Slippers
Theatre Upstairs, Dublin
***
At a certain point in the history of modern living, a new and seemingly unwinnable conflict arose: the war on clutter. The poignant frontline in this new ideal of an unencumbered home involved the death of a parent, where grieving offspring dutifully sorted through the accumulation of a lifetime, asking, “Keep or throw?”
That is the mantra of this new play by Jeda de Brí (who also directs) and Finbarr Doyle, which finds two sisters, Jean and Sarah, systematically discarding their mother’s possessions, which have built up like layers of sedimentary rock. That she was a compulsive hoarder makes their excavation both amusing and unsettling, a dig through memories, trauma and an unwanted inheritance.
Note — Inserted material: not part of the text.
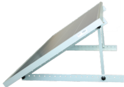
Support Structure Mono Axial Two
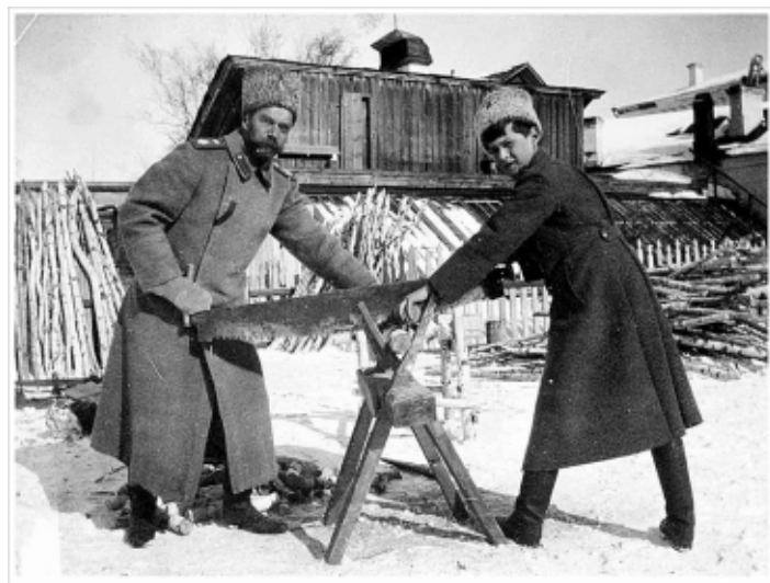
Император Николай II и Цесаревич Алексей занимаются любимым делом - пилят дрова г. Тобольск 1917-18 г.г.

Good casting, as Sickle Moon Productions recognises, is important in such family dramas, and the physical similarity between Sonya O’Donoghue’s gentle Sarah and Katie McCann’s snippy Jean allows for a revealing, understated comedy. Sarah artlessly compliments Jean’s hair, for instance, which is a mirror image of her own – even if her accent, strangely, is not. But, surprisingly, other roles receive less attention: in a story of clutter, every prop should have a story.
Aoife Fealy’s design does an admirable job of amassing bric-a-brac, while de Brí manoeuvres the siblings carefully and confrontationally around the debris. But few knick-knacks have character until we find a sweet jar full of baby soothers. Are they Sarah’s? “No,” comes the reply, “she found those ones.” This is a much deeper pathology with a more twisted history.
The play has its own clutter of details: signs of affection, resentment and dysfunction that soon build into vertiginous stacks. Some of these are delicately constructed and subtly performed, such as the prickly undercurrent between McCann’s deserter (the sister who fled) and O’Donoghue’s martyr (the sister who stayed). But, with a bemusing suddenness, the play finally topples into melodrama. “It doesn’t mean I’m mad,” says the character who is clearly mad.
There's a curious pressure on short plays to reach sensational denouements, as though anything less would be a waste of time, but
Slippers
is most effective in quieter moments. Then again, maybe it's inevitable that a play about hoarding should finally become overloaded.